A 'positive finding' versus the operation of the reverse onus
31 In its written submissions the University contends that whilst the SOAF provides a "factual basis for the conclusion, by operation of the reverse onus not being discharged, that the University … took the adverse action … the SOAF does not provide a basis to infer a positive finding that the Supervisor … was actuated by the proscribed reasoning" (the University's submissions dated 20 October 2023 at [35], original emphasis).
32 Mr Dalton KC for the University made clear in oral submissions that that submission is "not raised in mitigation", but rather it is to guard against "the notion of any aggravating features" (Transcript page 11 lines 9-13).
33 The Ombudsman submits that, by operation of s 361 and the reverse onus, there is a basis to make positive findings that the University engaged in the adverse action for the proscribed reasons. The Ombudsman seeks those positive findings (Transcript page 3 lines 38-44).
34 As is clear from its terms, s 361 operates in such a way that where it is alleged that a person took action for a particular reason, it is presumed that the action was taken for that reason unless the person proves otherwise. On the evidence contained in the SOAF I find, where the Supervisor has not proved otherwise, that the Supervisor made the threat for the reason that Mr Slyfield and Ms Tsongas had made the complaint.

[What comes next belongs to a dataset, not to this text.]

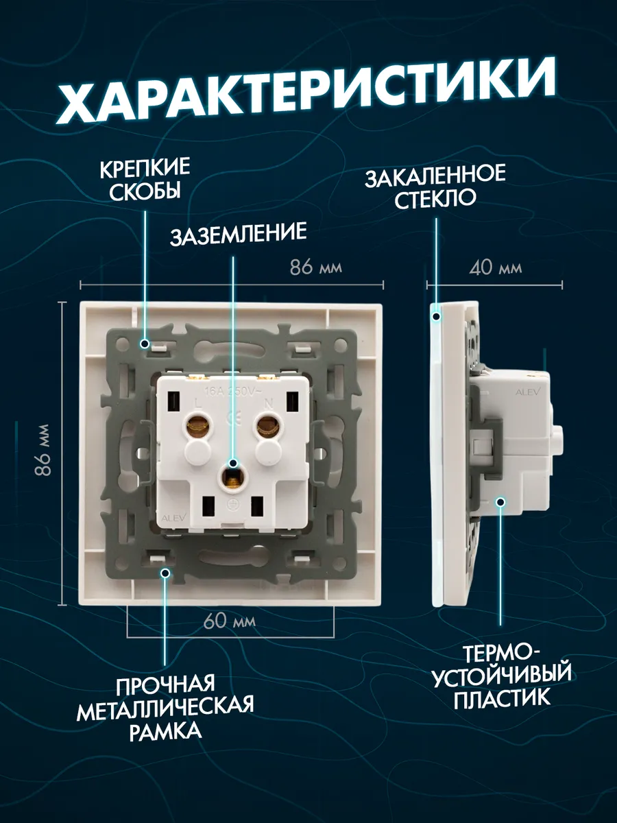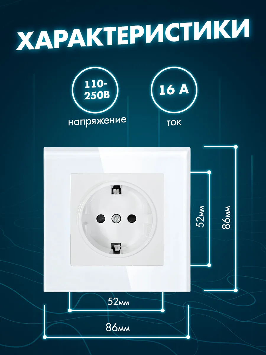 Качественное изделие выполнено длиной 86 мм, высотой 86 мм, глубиной 40 мм. Расстояние между отверстиями для болтов составляет 60 мм (болты идут в комплекте). У устройства напряжение 100-240 В, сила тока 16А, степень защиты: IP44. Такая розетка может устанавливаться в помещениях с повышенной влажностью, будь то кухня или ванная комната. Ее основание выполнено из PC-термоустойчивого пластика в четырех базовых цветах: универсальном белом и лаконичном черном, в приятном оттенке серого окраса и изысканном золотом. Стильный дизайн изделия с ударопрочной стеклянной рамкой гармонично впишется в любой интерьер, будь то лофт или минимализм, скандинавский или прованс, классика, хай-тек или гранж.

35 In Construction, Forestry, Mining and Energy Union v Pilbara Iron Company (Services) Pty Ltd (No 4) [2012] FCA 894; (2012) 225 IR 113, Katzmann J said at [21]:
I fail to see how the mode of proof has anything to do with the gravity of the contraventions. In this respect I would adopt the applicants' submissions. Section 361 is a procedural provision. It facilitates proof of facts which (generally speaking) only the alleged wrongdoer knows. The fact that I found that the respondent had not rebutted the presumption does not detract from or diminish the importance of the conclusions that the Act had been contravened.
36 In Construction, Forestry, Mining and Energy Union v De Martin & Gasparini Pty Limited (No 3) [2018] FCA 1395, Wigney J said at [49]:
The action taken by De Martin & Gasparini was taken because the workers had those workplace rights, or had exercised them. The fact that the finding that De Martin & Gasparini took the action for that reason, or with that intent, was the outcome of the presumption in s 361 of the Fair Work Act, as opposed to a positive finding, does not lessen the seriousness of the contravention. The fact remains that De Martin & Gasparini was unable to prove that the action was not taken for that reason, mainly because the evidence of their senior officers was found to be unreliable and to lack credibility.
37 Consistent with Katzmann J in Pilbara and Wigney J in De Martin, the method of proof here does not lessen, or indeed worsen, the seriousness of the contravention.